The government wants to “rethink” its plans to restrict campaigning by charities, it seems. Hasn’t it already done so twice before?
Andrew Lansley tabled a series of amendments, including one reverting to wording set out in existing legislation, defining controlled expenditure as any “which can reasonably be regarded as intended to promote or procure electoral success”, on September 6.

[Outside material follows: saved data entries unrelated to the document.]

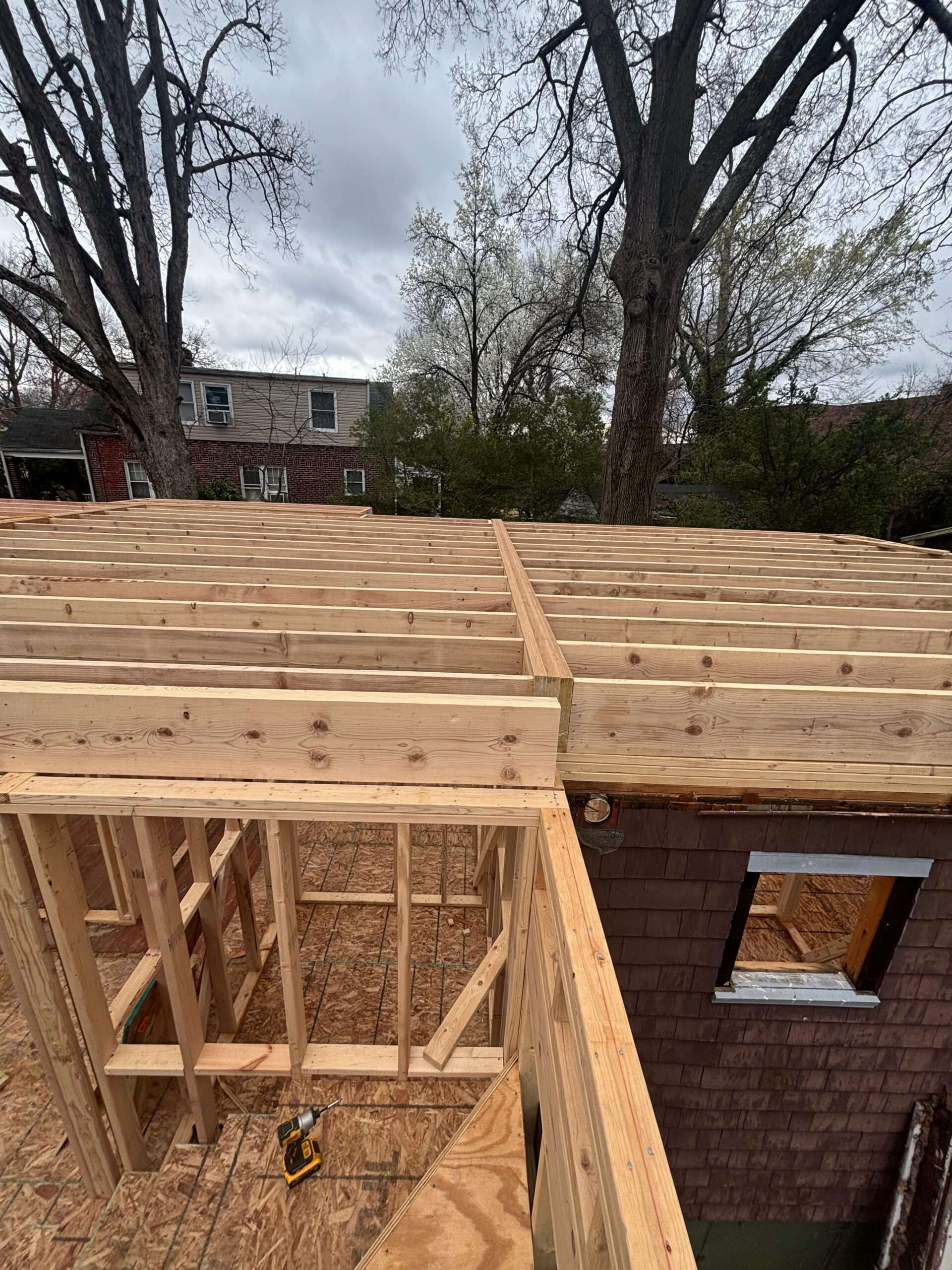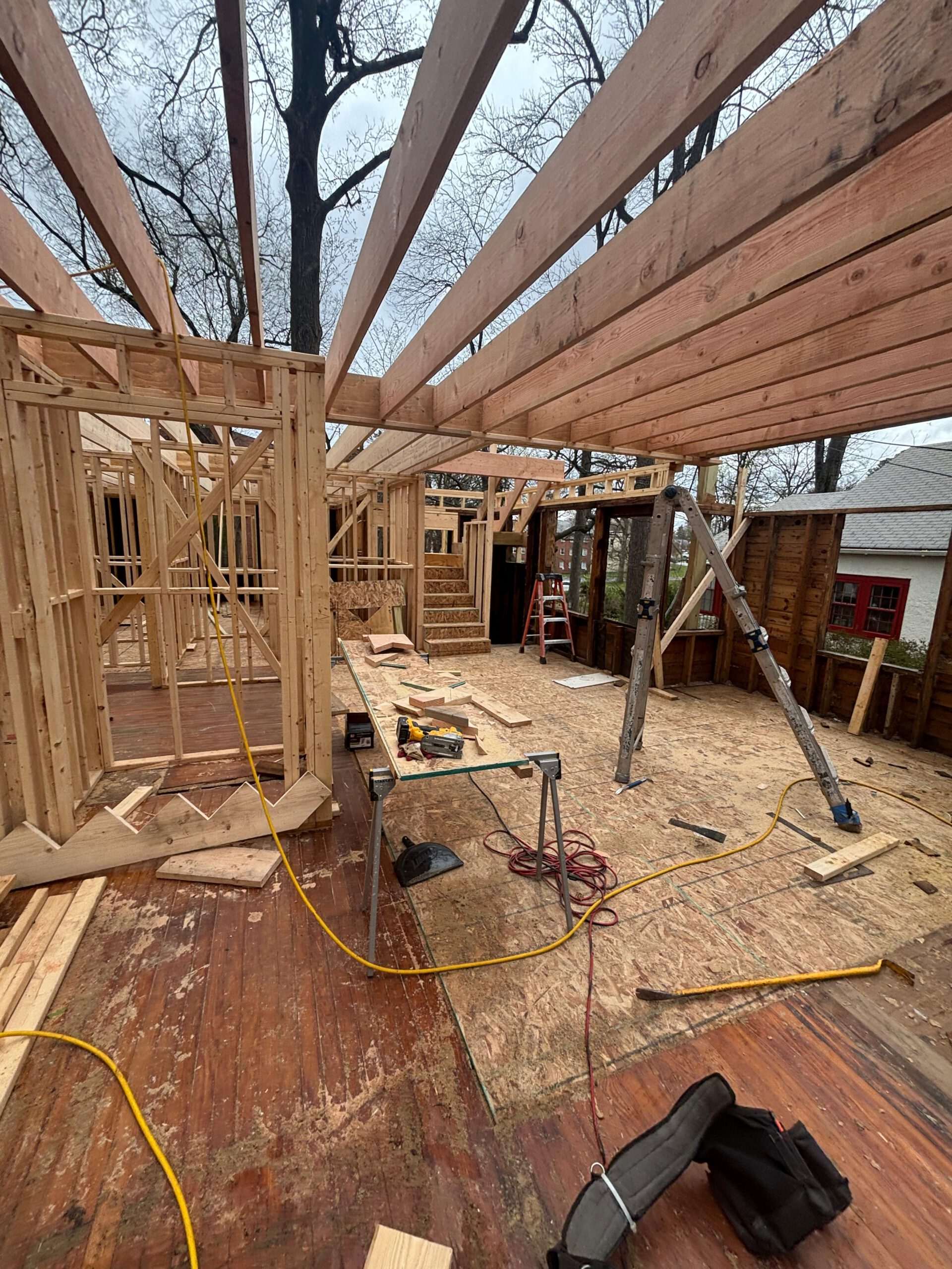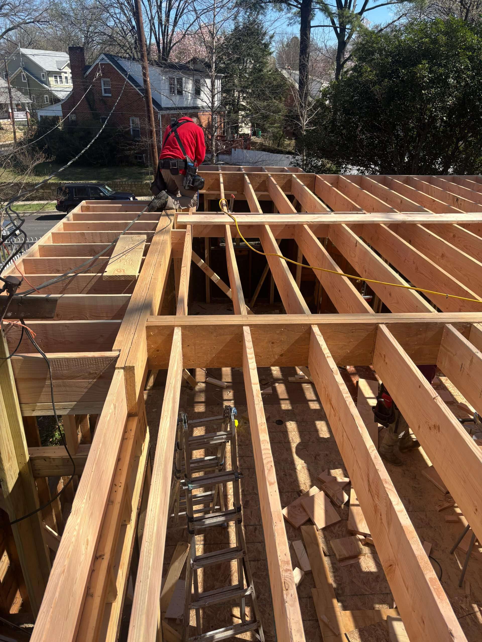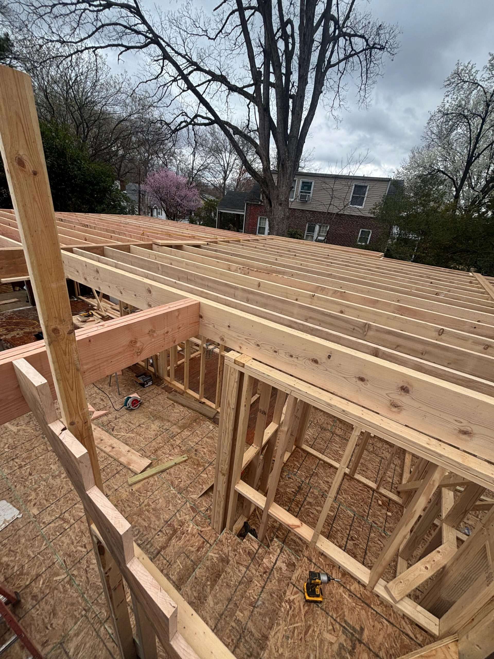 Browse recently completed framing and structural rough-in work across Northern Virginia additions and pop-ups, new walls and openings, second-story expansions, and new shells where the skeleton has to be square, plumb, and built for real loads. The photos below are real Potts Brothers job sites: straight plates and studs, engineered beams and headers where the plan calls for it, shear and tie-ins at existing structure, and sheathing that gets the building weather-tight before insulation and finishes. Use the gallery to see how we build the structure that everything else relies on; when you’re ready, we’ll align layout, engineering, and schedule to your project.
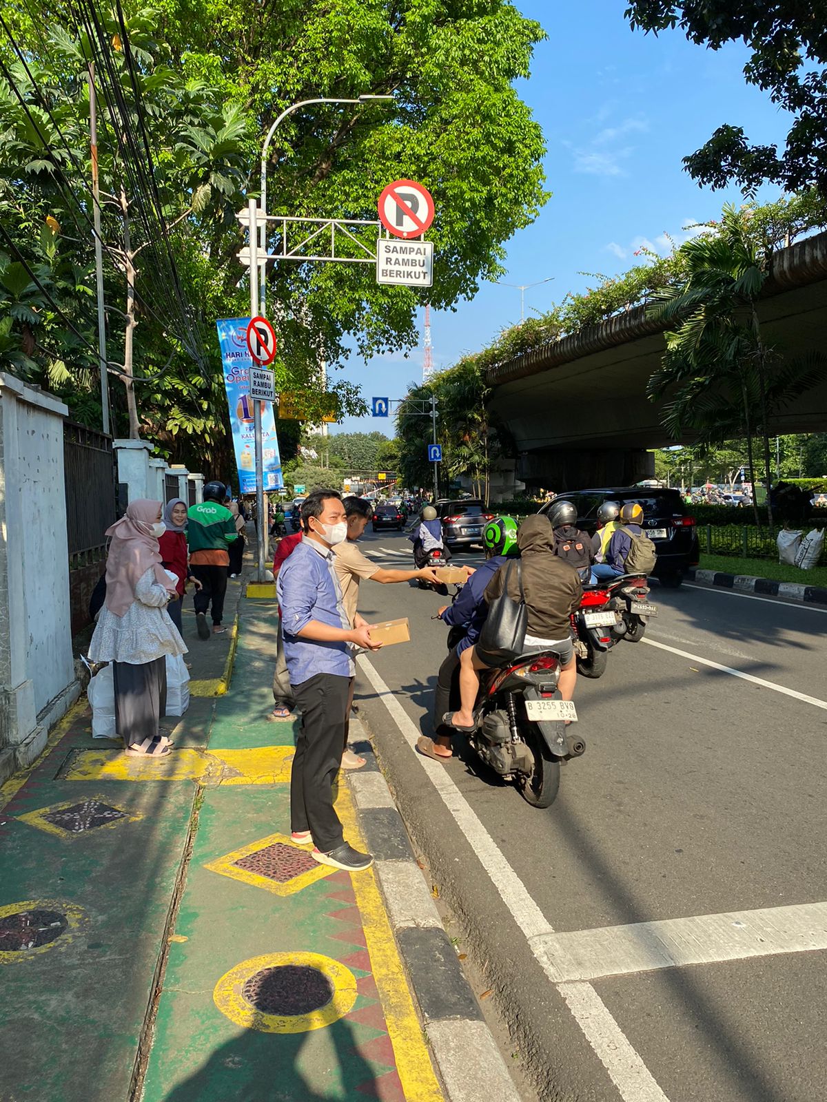 Dalam kesempatan tersebut, takjil dibagikan kepada pengandar ojek daring, sopir angkutan umum, dan pengguna jalan lainnya. Proses pendistribusian takjil tidak hanya dilakukan oleh para pegawai muslim KPP Badora, melainkan juga pegawai nonmuslim, Pegawai Pemerintah Non Pegawai Negeri (PPNPN), dan petugas Satpam Kompleks Pajak Kalibata.
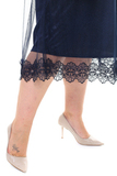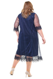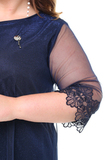Элегантное платье с необычным эффектом «2 в 1». Благодаря дизайну создается имитация комплекта из платья полуприлегающего силуэта и накидки из воздушного фатина. Имеет круглый вырез и рукава длиной 3/4. Подол накидки и рукавов украшены мягким ажуром, что добавляет модели женственности. Вытачки на груди обеспечивают оптимальную посадку по фигуре. Оригинальная брошь на груди и нити люрекса добавляют образу нарядности. Платье станет идеальным нарядом для любого повода. Стильный клатч и туфли на каблуках станут идеальным дополнением к нарядному образу.
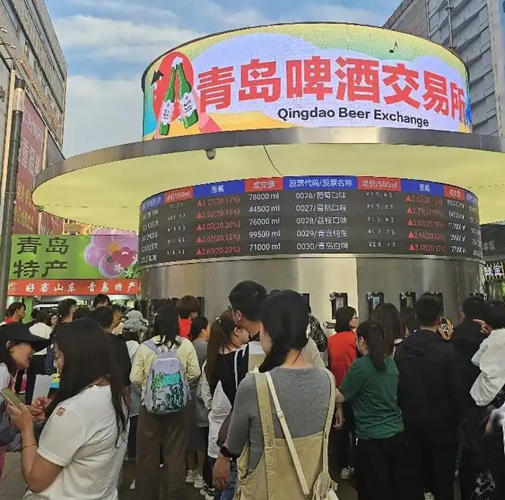 刚刚过去的端午假期,在青岛台东步行街,“青岛啤酒交易所”火爆出圈,在社交媒体平台相关话题成为顶流。这座巨大的啤酒装置上方滚动着在售啤酒的实时价格,啤酒价格上涨时显示红色,啤酒价格下跌时显示蓝色。现场不少市民紧盯大屏幕,了解啤酒价格,并根据时价和口味偏好下单。
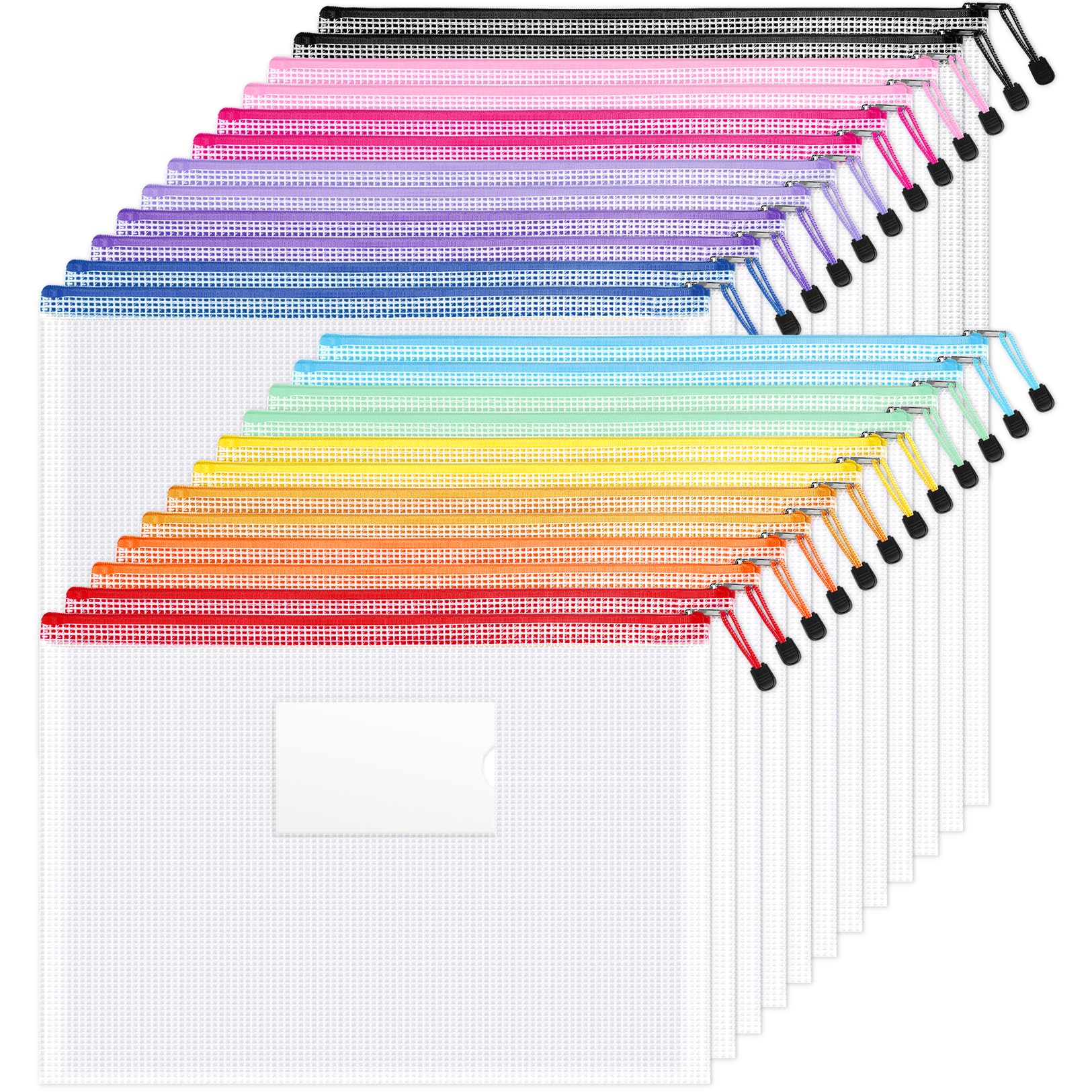 Sooez 24 Pack Super Large Mesh Zipper Pouch Bags, A3 (16.5×11.7 in) Storage Bags with Label Pocket, Reusable Zipper Pouches for Classroom Organization
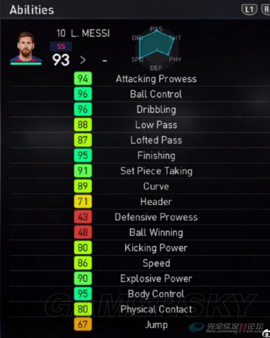 《实况足球2018(PES2018)》梅西的总评高达93分,球场位置也变成了影锋(SS),那么具体的数据是什么样的呢?一起来看看《实况足球2018》梅西详细数据一览吧!

But the plan was still to “bring down the national spending limit for third parties, introduce constituency spending limits and extend the definition of controlled expenditure to cover more than just election material, to include rallies, transport and press conferences”, as clarified by the government’s own press release.
Lansley published further amendments on September 26, claiming that these would:
- Remove the additional test of “otherwise enhancing the standing of a party or candidates”. This is to provide further reassurance to campaigners as to the test they have to meet in order to incur controlled expenditure. A third party will only be subject to regulation where its campaign can reasonably be regarded as intended to “promote or procure the electoral success” of a party of candidate,
- Replace the separate listings for advertising, unsolicited material and manifesto/policy documents with election “material”; this is the language used in the current legislation that non-party campaigners and the Electoral Commission are already familiar with, and on which the Electoral Commission have existing guidance,
- Make clear that it is public rallies and events that are being regulated; meetings or events just for an organisation’s members or supporters will not be captured by the bill. “We will also provide an exemption for annual events – such as an organisation’s annual conference”,
- Ensure that non–party campaigners who respond to ad hoc media questions on specific policy issues are not captured by the bill, whilst still capturing press conferences and other organised media events, and
- Ensure that all “market research or canvassing” which promotes electoral success is regulated.
But this blog reported at the time that anyone who thinks that is all that’s wrong with the bill is as gullible as Lansley intends them to be.
As reported here on September 4, the bill is an attempt to stifle political commentary from organisations and individuals.
New regulations for trade unions mean members could be blacklisted – denied jobs simply because of their membership.
Measures against lobbyists – the bill’s apparent reason for existing – are expected to do nothing to hinder Big Money’s access to politicians, and in fact are likely to accelerate the process, turning Parliamentarians into corporate poodles.
Where the public wanted a curb on corporations corruptly influencing the government, it is instead offering to rub that influence in our faces.
In fact, the Government’s proposed register would cover fewer lobbyists than the existing, voluntary, register run by the UK Public Affairs Council.
And now a bill tabled by Andrew Lansley has been given a “pause” for reconsideration. Is anybody else reminded of the “pause” that took place while Lansley’s Health and Social Care Act was going through Parliament? In the end, the government pushed it through, regardless of the screams of outrage from the medical profession and the general public, and now private health firms are carving up the English NHS for their own profit, using Freedom of Information requests to undermine public sector bids for services.
In the Lords last night, according to The Independent, ministers were pressured to include in-house company lobbyists in the proposed register, if it is to have any credibility.
But Lord Wallace said the proposed “light touch” system would be more effective and the register was designed to address the problem of consultant lobbying firms seeing ministers without it being clear who they represented – in other words, it is intended to address a matter that isn’t bothering anybody, rather than the huge problem of companies getting their chequebooks out and paying for laws that give them an advantage.
We should be grateful for the delay – it gives us all another chance to contact Lords, constituency MPs and ministers to demand an explanation for this rotten piece of legal trash.
If they persist in supporting this undemocratic attack on free speech, then they must pay for it at the next election.